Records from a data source
§

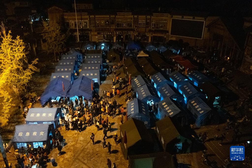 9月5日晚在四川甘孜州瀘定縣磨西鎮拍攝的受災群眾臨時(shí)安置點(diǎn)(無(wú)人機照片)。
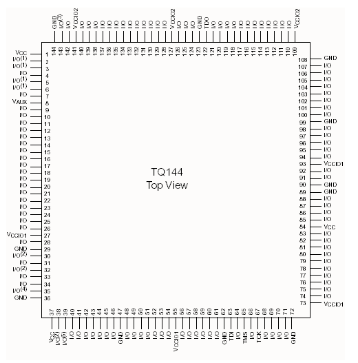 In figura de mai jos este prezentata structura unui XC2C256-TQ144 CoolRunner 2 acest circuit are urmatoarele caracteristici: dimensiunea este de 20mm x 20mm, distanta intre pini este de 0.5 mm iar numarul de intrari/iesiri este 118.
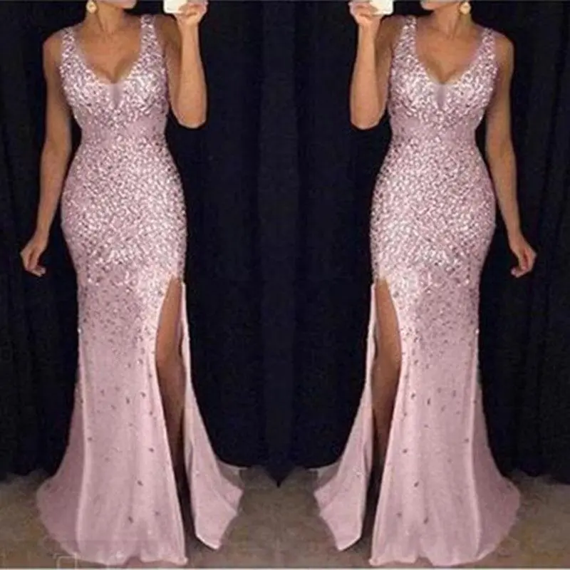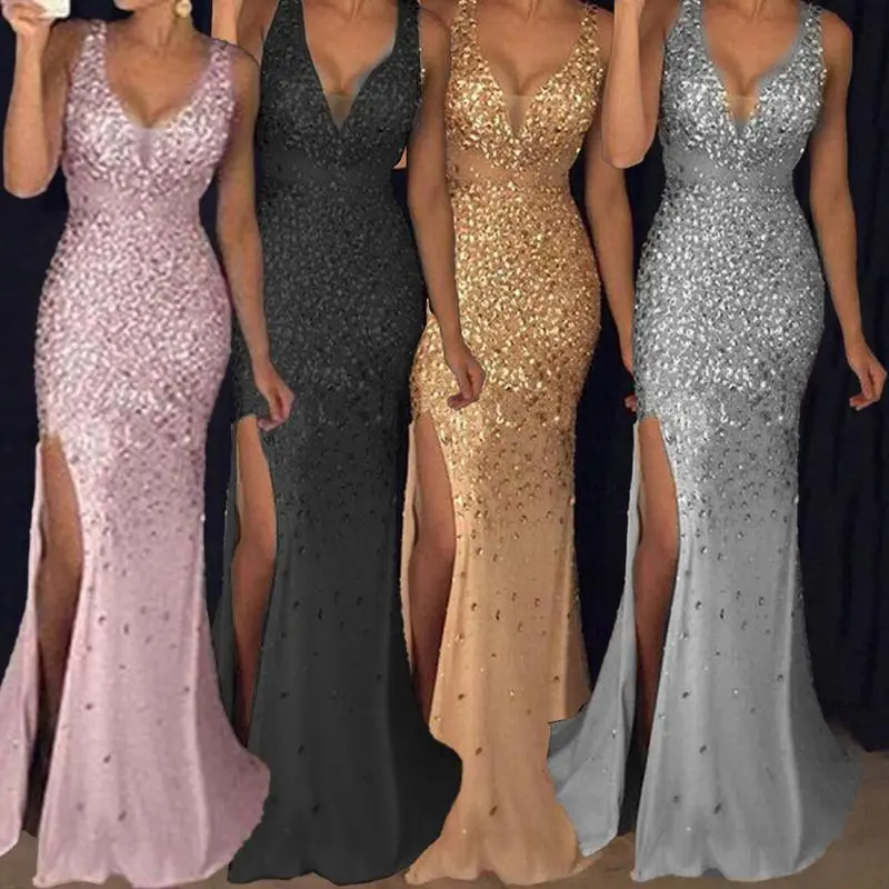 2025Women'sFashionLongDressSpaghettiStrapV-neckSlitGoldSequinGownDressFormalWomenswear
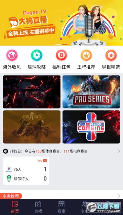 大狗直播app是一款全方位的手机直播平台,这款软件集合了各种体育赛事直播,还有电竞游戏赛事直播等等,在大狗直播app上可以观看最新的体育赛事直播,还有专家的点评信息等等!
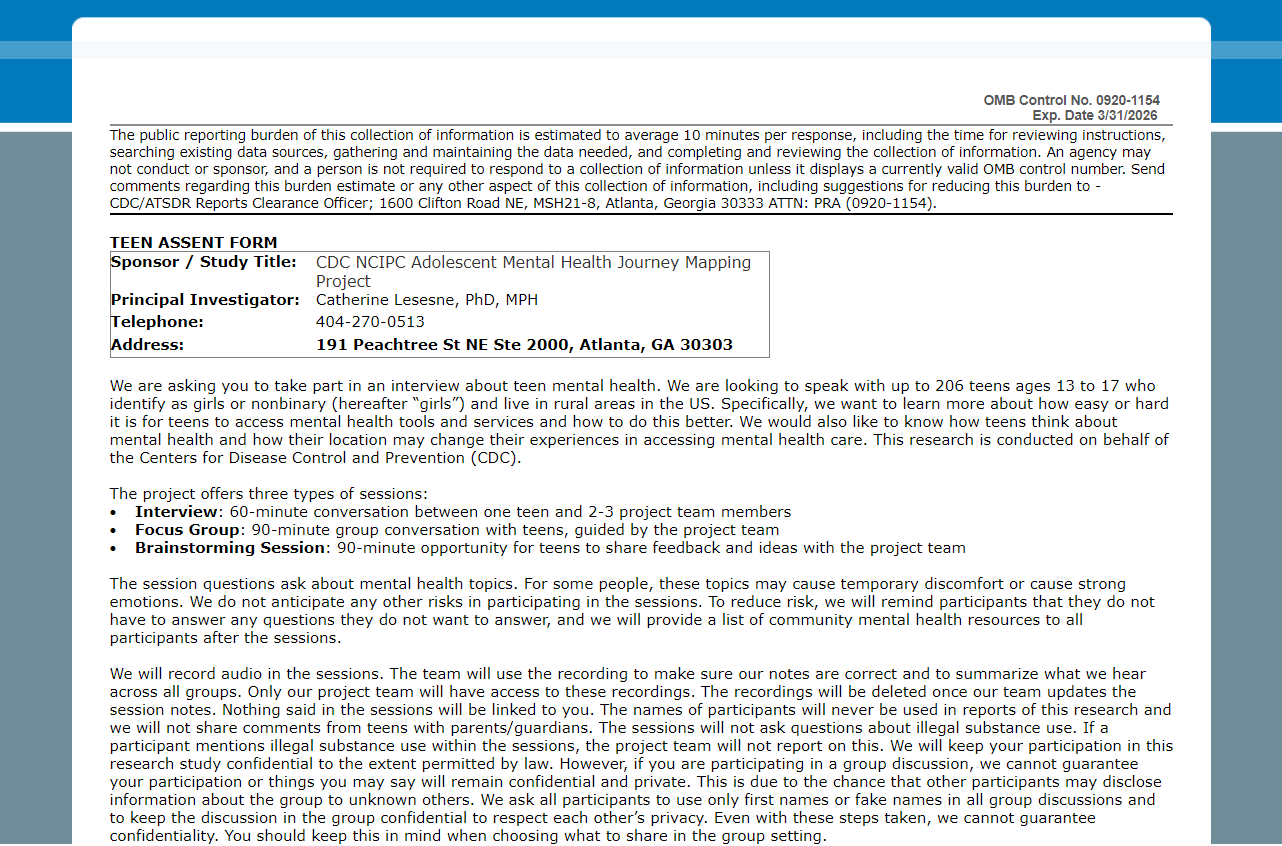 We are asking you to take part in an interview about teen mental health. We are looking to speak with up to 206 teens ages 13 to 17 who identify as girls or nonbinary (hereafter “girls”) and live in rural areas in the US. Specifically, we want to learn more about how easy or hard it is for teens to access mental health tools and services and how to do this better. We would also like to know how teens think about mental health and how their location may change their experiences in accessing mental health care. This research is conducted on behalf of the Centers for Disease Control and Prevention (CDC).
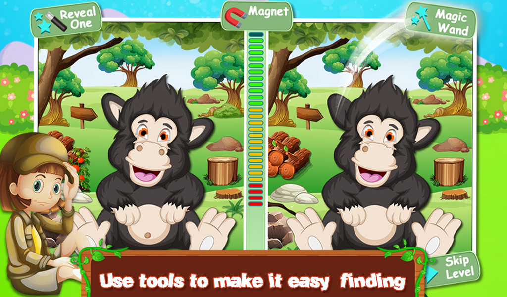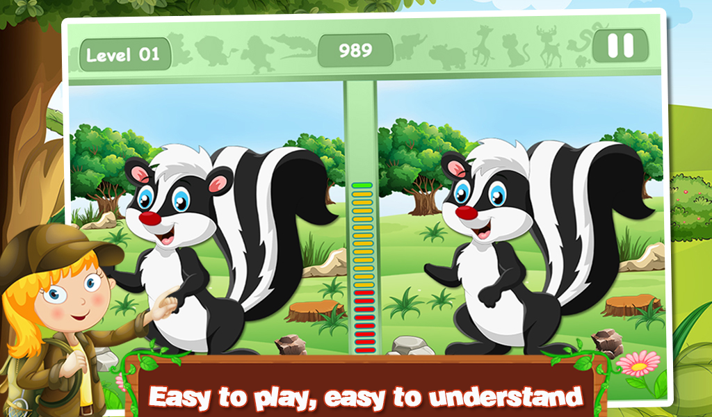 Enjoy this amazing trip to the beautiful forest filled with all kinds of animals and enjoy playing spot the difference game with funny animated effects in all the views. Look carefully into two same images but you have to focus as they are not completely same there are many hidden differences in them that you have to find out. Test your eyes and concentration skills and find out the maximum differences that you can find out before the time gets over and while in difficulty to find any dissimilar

§

▶ PROBLEM:
Restate word for word the lines from the line with "In figura de" to the last line of the records above, inclusive, and omit every picture.

▶ YOUR SOLUTION:
 In figura de mai jos este prezentata structura unui XC2C256-TQ144 CoolRunner 2 acest circuit are urmatoarele caracteristici: dimensiunea este de 20mm x 20mm, distanta intre pini este de 0.5 mm iar numarul de intrari/iesiri este 118.
 2025Women'sFashionLongDressSpaghettiStrapV-neckSlitGoldSequinGownDressFormalWomenswear
 大狗直播app是一款全方位的手机直播平台,这款软件集合了各种体育赛事直播,还有电竞游戏赛事直播等等,在大狗直播app上可以观看最新的体育赛事直播,还有专家的点评信息等等!
 We are asking you to take part in an interview about teen mental health. We are looking to speak with up to 206 teens ages 13 to 17 who identify as girls or nonbinary (hereafter “girls”) and live in rural areas in the US. Specifically, we want to learn more about how easy or hard it is for teens to access mental health tools and services and how to do this better. We would also like to know how teens think about mental health and how their location may change their experiences in accessing mental health care. This research is conducted on behalf of the Centers for Disease Control and Prevention (CDC).
 Enjoy this amazing trip to the beautiful forest filled with all kinds of animals and enjoy playing spot the difference game with funny animated effects in all the views. Look carefully into two same images but you have to focus as they are not completely same there are many hidden differences in them that you have to find out. Test your eyes and concentration skills and find out the maximum differences that you can find out before the time gets over and while in difficulty to find any dissimilar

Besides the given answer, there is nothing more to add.